An Accidental Soundtrack to Grief (Part 1)

This is Part 1 of the story of how 7 songs by Daft Punk have become the soundtrack to my grief.

I liked Daft Punk, back in the day.

I’d bought their compact discs (for anyone under 30, that’s how music used to be streamed). They adorned my CD collection with quiet pride. Homework was one of those ‘of an era’ albums – tracks that defined a time and a place. But the album and the band had faded with time for me. Homework lost it impetuous and relevance and lay on the CD shelf, stacked away in the funky/house/electronic section – Groove Armanda, Underworld, Fat Boy Slim, you get the picture.

Then in 2011 (was it really that long ago?) ‘Get Lucky’ was everywhere and Trace bought the ‘Random Access Memories‘ album. Sure, I gave it a listen, but wasn’t impressed. Nothing stood out for me. It seemed like a album of mediocre tracks sandwiched around ‘Get Lucky’, a defining funk track, albeit played endlessly and to death.


Now roll forward to Friday 19th February 2016.

I stumbled upon aBBC4 documentary Daft Punk Unchained (BBC4 is what I do when there’s nothing else on and it’s late and I can’t sleep and Trace has gone to bed). It was a really rather good doc explaining the backstory to the album’s tracks, the length they went to in conceiving and recording it, even a bit of an expose of the boys in the band, behind the masks, behind the robot helmets. Muso nerds across the country applauded, and like me I’m sure, dusted down their compact disc copy of Random Access Memories and re-spun it in the morning.

All well and good. No harm done.

The following week, Random Access Memories was on repeat. I didn’t listen to anything else. I work to music and I travel to music, so Daft Punk was there for me, constantly – Monday working from home, Wednesday on the train to London, Thursday on the early evening train home.

Lose Yourself to Dance‘  got repeated, repeat plays. It stuck in my head. It struck an optimistic, upbeat, hopeful chord in me. It sounded way better than ‘Get Lucky’ and that week I bored a few people extolling it’s virtues.

On Friday 26th February I went to the gym around 8.30am – as was my newly found want – morning gym sessions before work. I asked Ben, the gym man, for it on the sound system. I bored him with how good it was. It upped my pace on the cross trainer.
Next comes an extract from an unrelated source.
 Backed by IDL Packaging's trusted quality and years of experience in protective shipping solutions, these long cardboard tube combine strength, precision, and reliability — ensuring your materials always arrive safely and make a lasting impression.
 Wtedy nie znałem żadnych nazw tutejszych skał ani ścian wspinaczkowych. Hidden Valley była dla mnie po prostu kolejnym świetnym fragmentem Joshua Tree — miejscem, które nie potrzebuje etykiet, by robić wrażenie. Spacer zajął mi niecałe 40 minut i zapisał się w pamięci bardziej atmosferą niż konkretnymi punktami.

It was Friday. It was going to be a good day.

One meeting in the office under my belt and I drove Izzy’s Mini (she’d named it ‘Mario’) to the train station to my next meeting in Leeds. I called Trace suggesting we had some QT tomorrow, Saturday, unusual, she replied, but let’s. I took my seat on the Virgin train to Leeds, lowered the table, got out my Macbook and cranked up ‘Lose Yourself to Dance’ in my earphones to do some prep work for the meeting ahead.
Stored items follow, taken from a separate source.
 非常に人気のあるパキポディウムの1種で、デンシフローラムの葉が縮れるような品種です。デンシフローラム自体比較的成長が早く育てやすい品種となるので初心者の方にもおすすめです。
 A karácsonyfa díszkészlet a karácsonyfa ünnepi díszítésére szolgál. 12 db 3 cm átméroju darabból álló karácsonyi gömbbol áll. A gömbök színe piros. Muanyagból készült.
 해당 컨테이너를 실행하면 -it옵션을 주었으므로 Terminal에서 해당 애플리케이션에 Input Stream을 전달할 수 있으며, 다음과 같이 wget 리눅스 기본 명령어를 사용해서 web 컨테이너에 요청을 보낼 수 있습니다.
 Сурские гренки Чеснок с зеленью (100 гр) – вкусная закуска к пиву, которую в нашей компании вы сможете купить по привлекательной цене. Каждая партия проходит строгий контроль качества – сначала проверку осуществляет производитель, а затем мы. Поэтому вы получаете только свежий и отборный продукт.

My phone rang. It was Trace.

The signal cut. I started to text her ‘I’m on the train, call u back’ (thinking, ‘she knows I don’t like talking on trains…’). But then she called again, the phone vibrating in my hand. I pulled my earphones out and swiped to answer.

“I need you to come home, now. Right now. Something’s… Izzy and Beth are dead. They’re dead. Come home now, please. Come home. Get a cab. Just come home.”